DATA EXTRACTS: Begin

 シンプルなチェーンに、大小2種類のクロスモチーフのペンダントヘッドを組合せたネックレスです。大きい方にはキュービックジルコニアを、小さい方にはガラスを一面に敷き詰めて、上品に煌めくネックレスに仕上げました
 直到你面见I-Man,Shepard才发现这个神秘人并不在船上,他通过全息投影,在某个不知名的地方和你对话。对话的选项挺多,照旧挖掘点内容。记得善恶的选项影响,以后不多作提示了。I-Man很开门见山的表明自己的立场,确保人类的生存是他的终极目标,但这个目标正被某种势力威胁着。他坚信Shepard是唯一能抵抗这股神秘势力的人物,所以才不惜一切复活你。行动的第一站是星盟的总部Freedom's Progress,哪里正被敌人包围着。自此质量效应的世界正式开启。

DATA EXTRACTS: End
DATA EXTRACTS: Begin

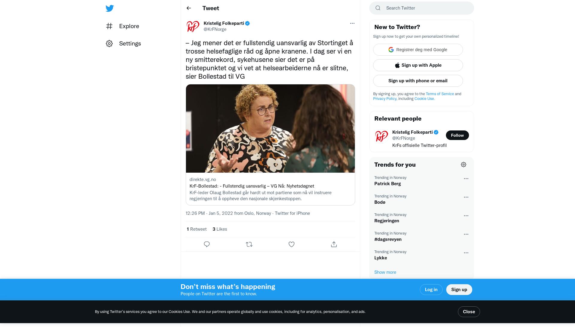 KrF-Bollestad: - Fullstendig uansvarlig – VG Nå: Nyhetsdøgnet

DATA EXTRACTS: End

* WORK REQUEST: Given the records above, return exactly the lines starting at the line containing "シンプルなチェーンに、大小2" and ending at the line containing "直到你面见I-Man,She", including both.

* ANSWER TO THIS PROBLEM:
 シンプルなチェーンに、大小2種類のクロスモチーフのペンダントヘッドを組合せたネックレスです。大きい方にはキュービックジルコニアを、小さい方にはガラスを一面に敷き詰めて、上品に煌めくネックレスに仕上げました
 直到你面见I-Man,Shepard才发现这个神秘人并不在船上,他通过全息投影,在某个不知名的地方和你对话。对话的选项挺多,照旧挖掘点内容。记得善恶的选项影响,以后不多作提示了。I-Man很开门见山的表明自己的立场,确保人类的生存是他的终极目标,但这个目标正被某种势力威胁着。他坚信Shepard是唯一能抵抗这股神秘势力的人物,所以才不惜一切复活你。行动的第一站是星盟的总部Freedom's Progress,哪里正被敌人包围着。自此质量效应的世界正式开启。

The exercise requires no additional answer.